Gender Ministry launches policy documents to advance child protection in Ghana

Cynthia Morrison

Madam Cynthia Mamle Morrison, the Minister of Gender, Children, and Social Protection (MoGCSP), has appealed to Ghanaians to ensure that foster homes for children become just brief transitional places and not their permanent abode.

Madam Morrison, who made the appeal in Accra at the launch of six policy and regulatory documents to strengthen child welfare system in Ghana, maintained that “every child deserves to be with a family and not to be in a foster home.”

She commended the Department of Children, Department of Social Welfare, the Central Adoption Authority, and civil society partners including UNICEF, for the effective collaboration and input into the development of the various documents, and most importantly the US Government, who through the United States Agency for International Development (USAID) provided the needed funding.

She explained that through these partnerships, the Ministry had developed National Standards for Residential Homes for Children; Standard Operating Procedures for Inspection, Licensing and Monitoring Residential Homes for Children in Ghana; Standard Operating Procedures for Case Management: and Tools to establish and implement a formal foster care system.

The Minister said the development of these tools were part of the Government of Ghana’s Care Reform Initiative, which aimed to help families care for their children, prevent unnecessary family-child separation, and promote appropriate, protective and permanent family care.

She thanked all the collaborators for their respective support and input into the development of the documents, which included stringent guidelines and regulations to strengthen the Ghanaian social welfare system.

Madam Morrison said the effective use of these tools would enable the Ministry to identify and monitor the numerous informal and unregulated residential homes for children throughout the country, promote family-based care, and as much as possible prevent the separation of children from their families.

Ms Sharon Cromer, the Director of Missions, USAID, also admitted that the proper implementation of the various tools would ensure the best care for every child in their development stages, stressing that the investment being made was to advance the reintegration of children into their original homes or into an alternative family-based setting.

The interventions, she said, would help the Government of Ghana to ensure that children grew up safely and healthy, and reduce child trafficking, particularly in the cocoa and fishing industries.

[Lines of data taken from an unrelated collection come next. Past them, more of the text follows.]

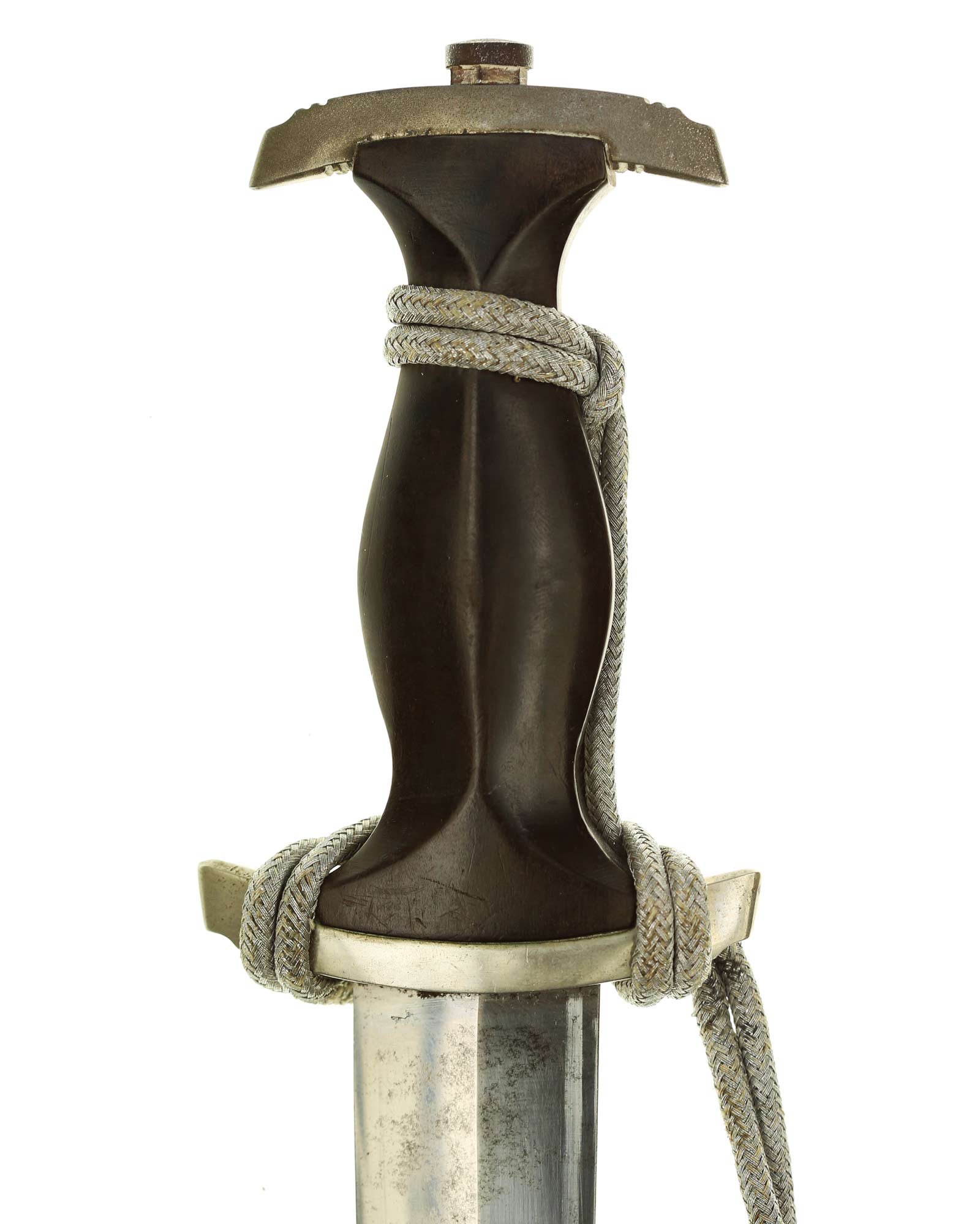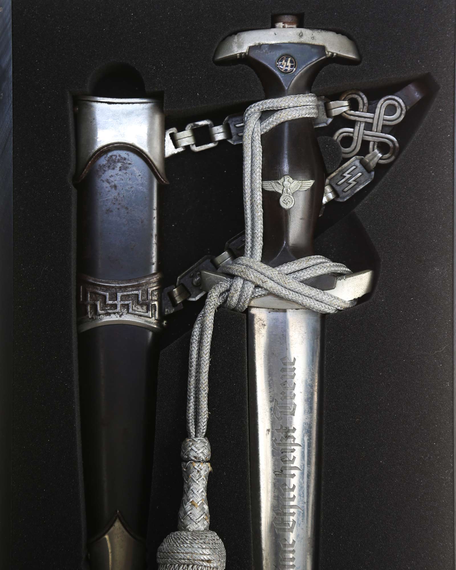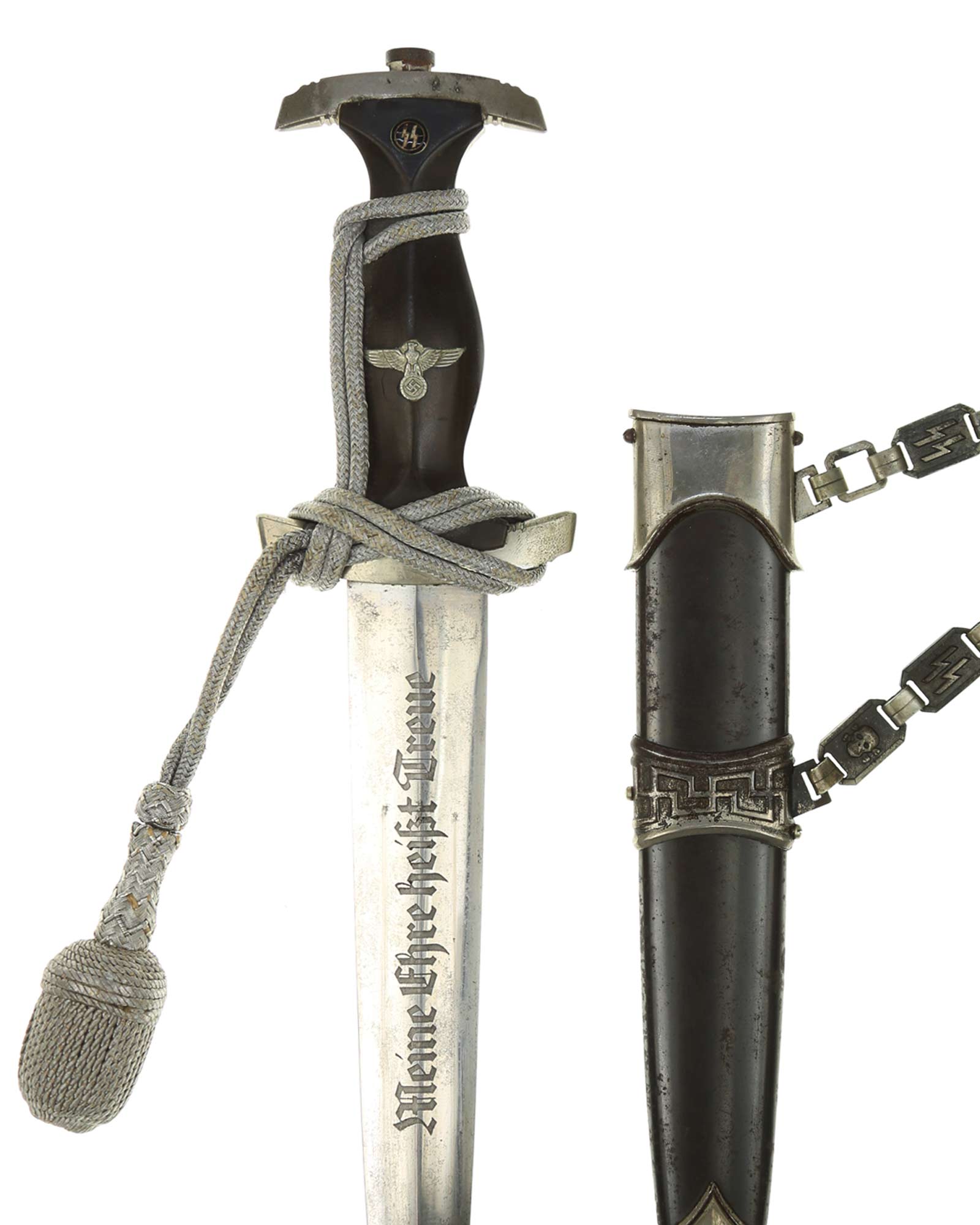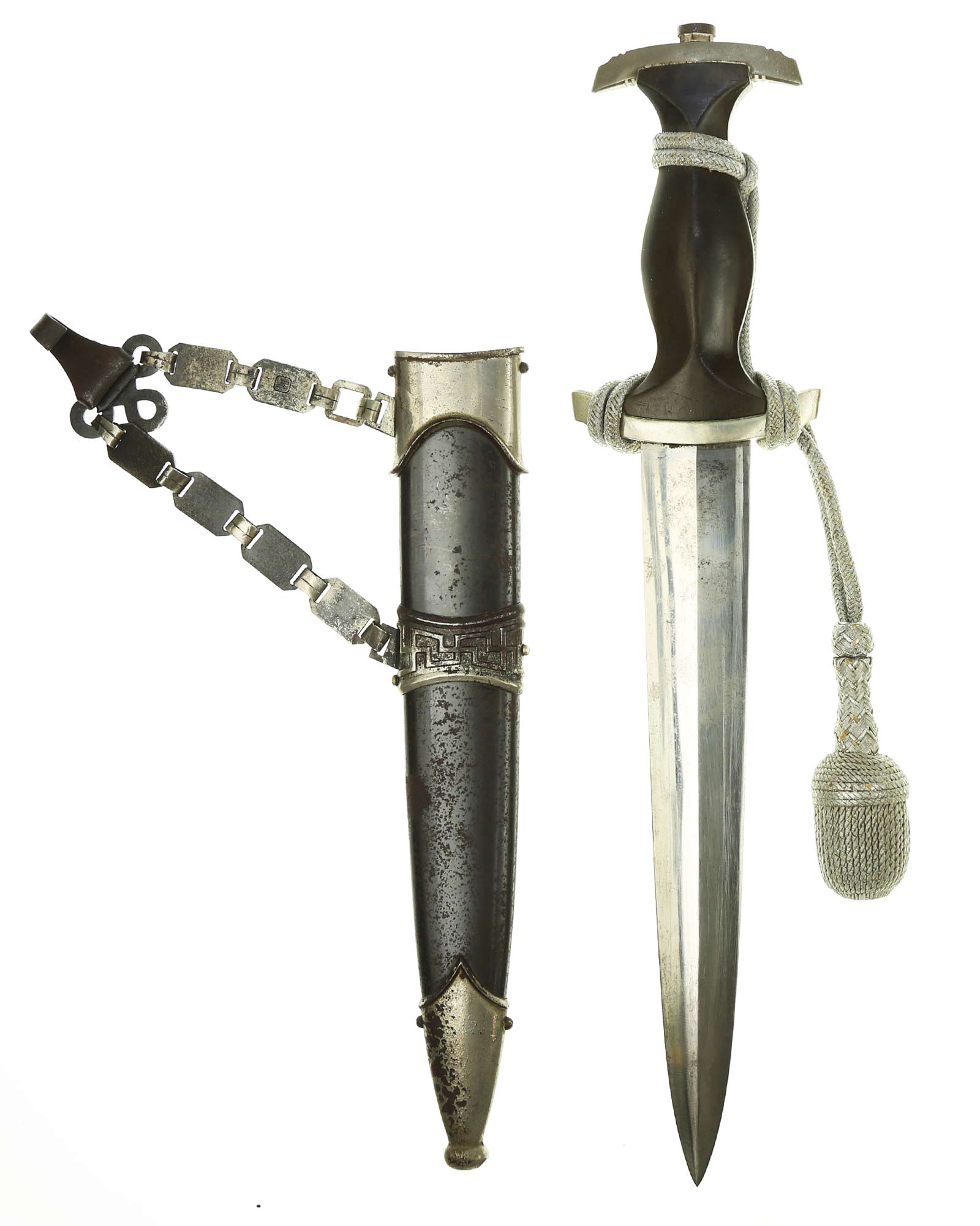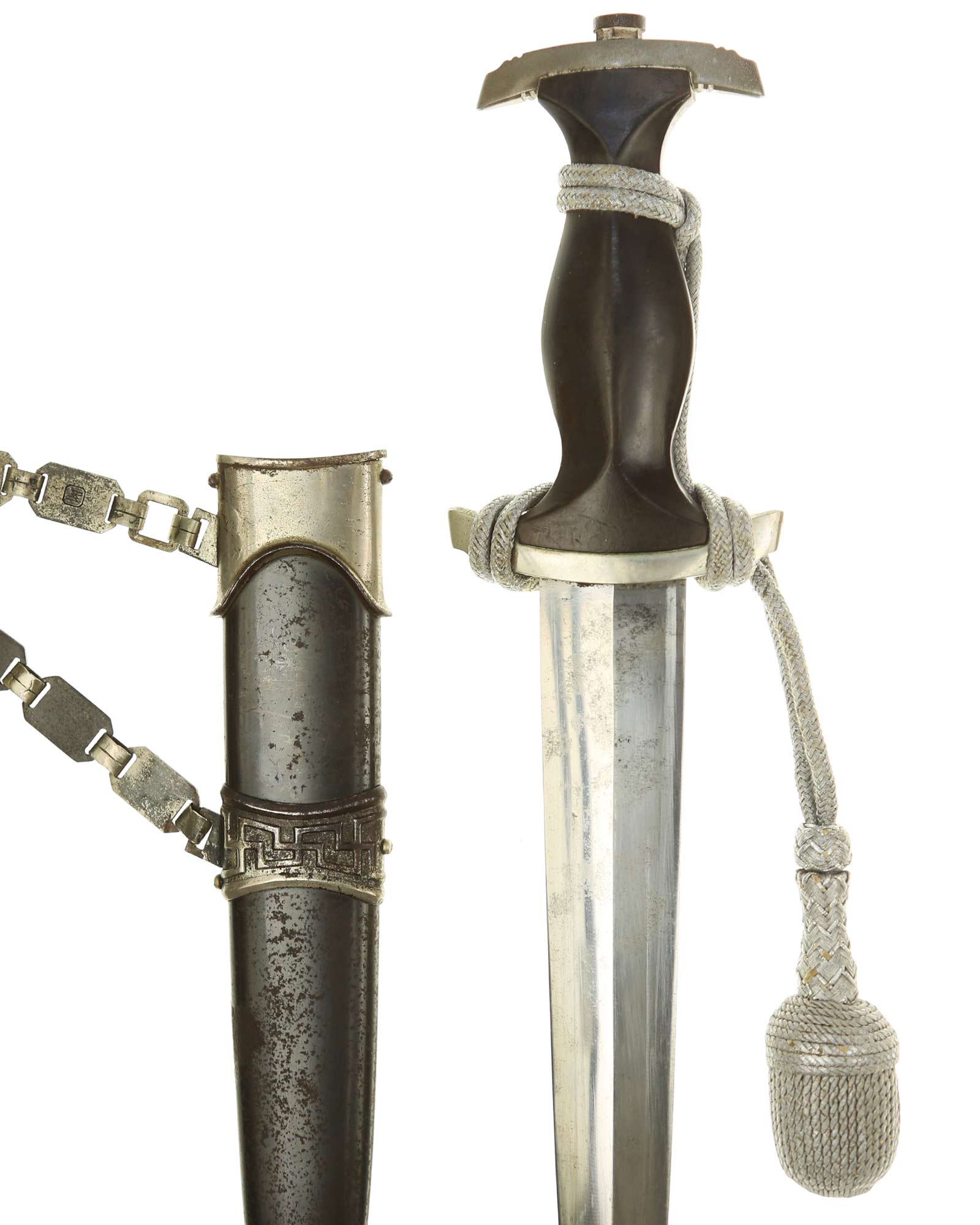 Ножны: Ножны металлические в оригинальном черном аннодировании. Прибор ножен состоит из устья и гайки с креплением для подвеса и наконечника с шариком. Сохранился оригинальный цепной подвес с символикой из черепов и символов SS. На оборотной стороне одного из звеньев стоит клеймо приемки Waffen-SS из двух переплетающихся молний. Детализация цепи типа-B2: Фоновая поверхность звеньев ссимволами без чернения. Сужающиеся верхние соединительные элементы подогнаны друг к другу. СС-штамп глубоко нанесен машинным способом с обратной стороны звена с символом. Соединительные элементы относительно плоские. Переходы узла Вотана часто крупнее окружающей рельефной полосы. Центральное и верхнее отверстия узла закрыты. Цепь покрыта красивой равномерной патиной.
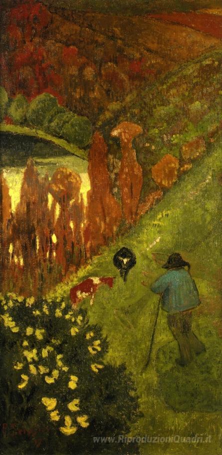 Ti offriamo una riproduzione artigianale su tela dell'opera famosa 'Pastore nella Valle di Chateauneuf' di Paul Serusier, dal Museo delle Riproduzioni.
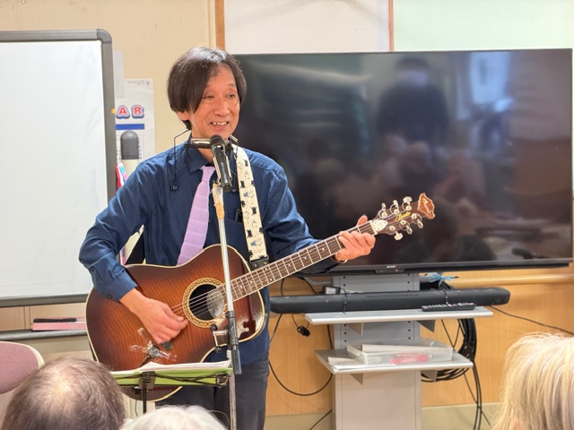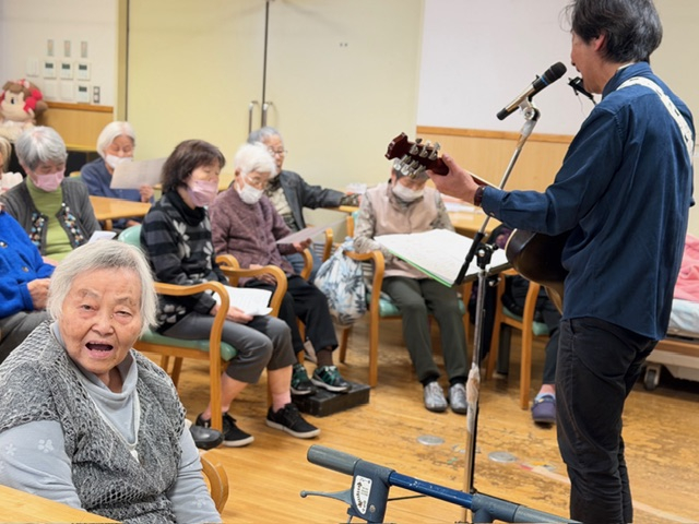 先日、甘利さんのギター演奏者の方をお迎えし、皆様と一緒に歌う 「ギター歌会」 を行いました。

“Today we solidify our commitment to offer every child the opportunity to grow up in a supportive and nurturing family environment. It is not only a human right accorded to them by the UN Convention on the Rights of the Child, but it is also critical to their health and development,” she said.

Mr Muhammed Rafiq Khan, the Chief of Child Protection at UNICEF, said studies have shown that about 80 per cent of children living in residential care facilities in Ghana had families who for various reasons including poverty could not take care of their young ones.

He further indicated that majority of these care facilities do not comply with the regulations, hence, the new policies were hoped to intensify the inspections of these facilities, stressing that 30 years in the history of Ghana being the first country to rectify the UN Convention on the Rights of Children, it should be celebrating an improvement of its social welfare systems to ensure the optimal growth of children by minimising family separations.

Mrs Florence Quartey, the Acting Director, the Department of Gender, gave a brief highlight on the Early Childhood Care and Development Standards for ages zero to three years, saying, it was a critical period in the formation of the cognitive abilities of every human being, hence, the policies would address the present knowledge gaps through the effective training of caregivers and facilitate optimal care.